Die ontwikkeling kunnen we vervolgens gebruiken om ontbrekende gedeelten van foto’s aan te vullen met door de computer gegenereerde content. De computer heeft inmiddels zoveel foto’s bekeken dat hij zelf kan bedenken welke informatie nog mist. Dit kun je vergelijken met een foto van een mens bij wie de neus ontbreekt. De computer zal aan de hand van de stand van de ogen en de mond ontdekken waar de neus hoort te zitten, en hoe die eruit moet zien.

Precies deze techniek gebruiken we nu in ons onderzoek. Alleen passen we die dan niet toe op foto’s, maar op chemische en fysische computermodellen van exoplaneten. Zo gebruiken wij precies dezelfde software die is ontwikkeld voor fotobewerking of zoeksystemen door grote bedrijven als NVIDIA en Google, voor ons eigen sterrenkundig onderzoek. Hadden ze vast niet gedacht.

Plato

Plato: Een illustratie van een exoplaneetsysteem (Bron: ESA)

Nep-planeten

Om de neurale netwerken te trainen voor de spectra van exoplaneten, hebben we uiteraard een goede dataset nodig om van te leren. En juist deze dataset hebben we niet. Daarom gaan we een grote database maken met computermodellen van exoplaneten. Daarin stoppen we alle natuur- en scheikunde die we maar kunnen verzinnen. We variëren dan bijvoorbeeld hoe de planeet gevormd is, hoe groot hij is of hoe warm. Zo’n model doorrekenen kost veel computerkracht.

Het neurale netwerk gaat vervolgens op zoek naar orde in de door ons gecreëerde chaos van planeetmodellen. Zo leert hij zelf exoplaneten ‘bedenken’. Het uiteindelijke doel is dat het neurale netwerk in een fractie van een seconde zo’n bedachte exoplaneet kan vergelijken met een echte waarneming. Veel sneller dan wij kunnen met het berekenen van al die natuur- en scheikunde. En dat werkt al best goed. Deze ontwikkelingen zijn zeker de toekomst bij missies van de nieuwe ruimtetelescoop ARIEL of misschien al wel voor de James Webb Space Telescope.

Fuzzy logic

Dat bedenk ik allemaal terwijl ik naar dat schermpje kijk met die foto van die persoon die niet bestaat, nooit bestaan heeft en nooit zal bestaan. Om half drie ‘s nachts. We pakken er nog maar een glas whiskey bij en spelen een spelletje. Met onze eigen niet-zo-kunstmatige brein.

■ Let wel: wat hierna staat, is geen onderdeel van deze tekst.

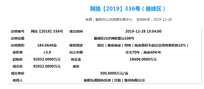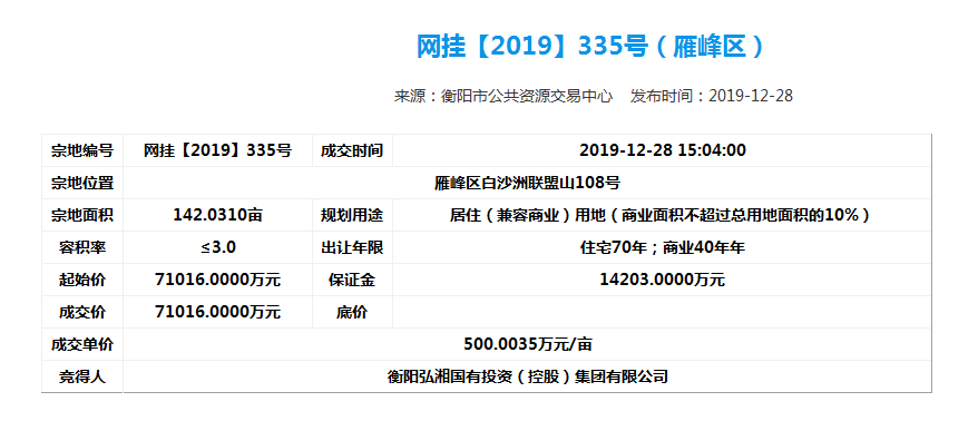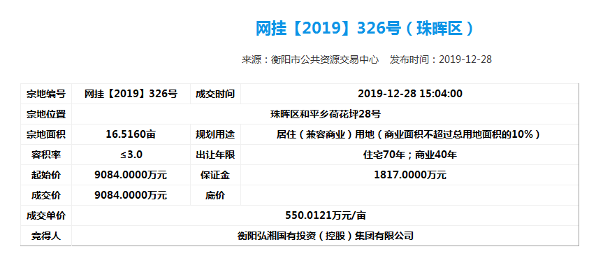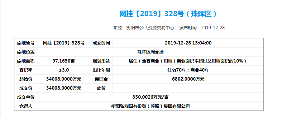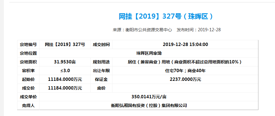 為了進一步做好市場化運行,弘湘國投以市場經(jīng)營為主體,向資本市場進軍,進一步做實做強國有資產(chǎn),增強自身活力。2019年12月28日下午,弘湘國投在市公共資源交易中心網(wǎng)站成功摘牌6宗共計523畝改制企業(yè)土地,摘牌總價超24億元,并于當日簽訂了《國有建設用地使用權公開出讓成交確認書》。2019年12月31日,弘湘國投與市自然資源和規(guī)劃局正式簽訂了《國有建設用地使用權出讓合同》。
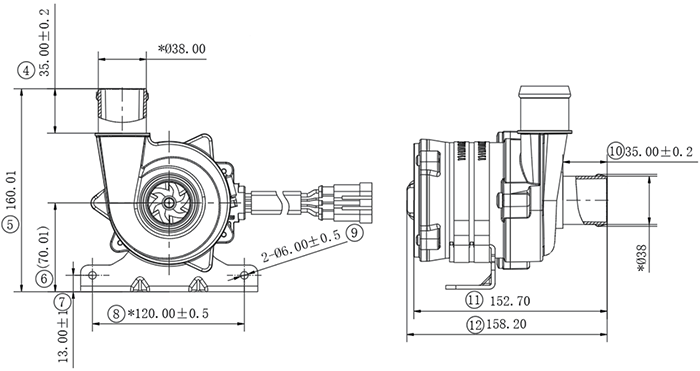 内容提示:一、产品应用: 1. 新能源热管理系统 2 新能源汽车电机电控冷却循环 二、产品特征: 1.重 量:1.8Kg 2.防护等级:IP67 3.绝缘等级:H级 4.使用寿命: 12000小时 5.进出水口直径:38mm 三、使用
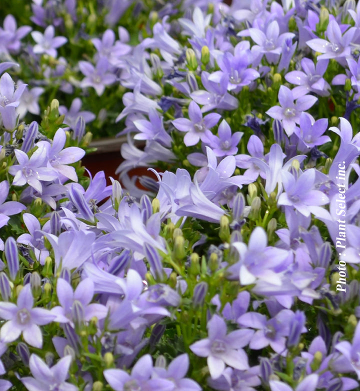 La plus rampante des campanules, souvent utilisée pour remplir les interstices entre les dalles et les pierres plates. Elle produit une multitude de petites fleurs étoilées bleu-mauve. Elle aime les sols frais. Enlever les fleurs fanées permet de prolonger la floraison. Syn. : C. portenschlagiana
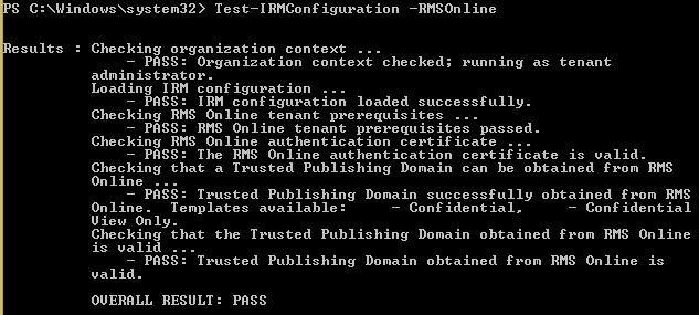 - Test-IRMConfiguration –RMSOnline ; this CMDlet is testing and validating the imported RMS configuration
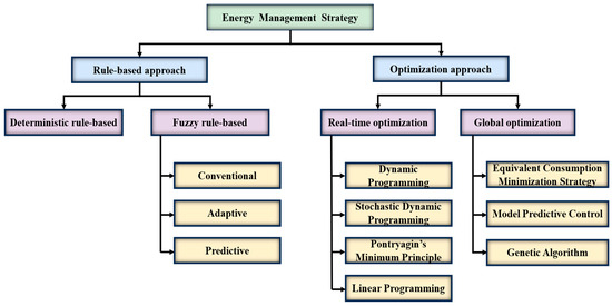 The control strategy’s primary objectives are to reduce hazardous emissions and fuel consumption while also maximizing vehicle performance to satisfy the driver’s need for power. To achieve the desired control objectives and consequently strike a balance between fuel economy and emission minimization, it is imperative to first comprehensively grasp the operational principles and unique traits of various power sources. Furthermore, a rational exploitation of the respective merits of these power sources, along with the implementation of effective control strategies, is crucial in achieving the desired outcomes. The optimal control algorithms of EMSs have been studied from a variety of angles by experts and scholars both domestically and internationally. Based on a substantial body of existing literature, this paper describes and summarizes the energy management issues of HEVs from a variety of angles. Zhang et al. (2020) [88] conducted a thorough evaluation, categorization, and comparative analysis of energy management techniques for HEVs, offering an insightful glimpse into the current standing of this research domain. HEV EMSs are categorized into two groups based on their various control methods: rule-based control strategies and optimization-based control strategies. Figure 5 illustrates this division.

En ik overpeins waarom we eerst computers ontwikkelen die zoveel beter zijn dan ons eigen brein in sommige taken, en dan veel moeite doen om die computers weer net zo te laten werken als onze eigen hersenen. Straks zijn computers misschien wel in alles beter dan wij. Lossen zij de raadsels van het universum voor ons op terwijl wij tot diep in de nacht whiskey drinken en spelletjes spelen. Een interessante gedachte die, gelukkig, nog wel een stukje in de toekomst ligt.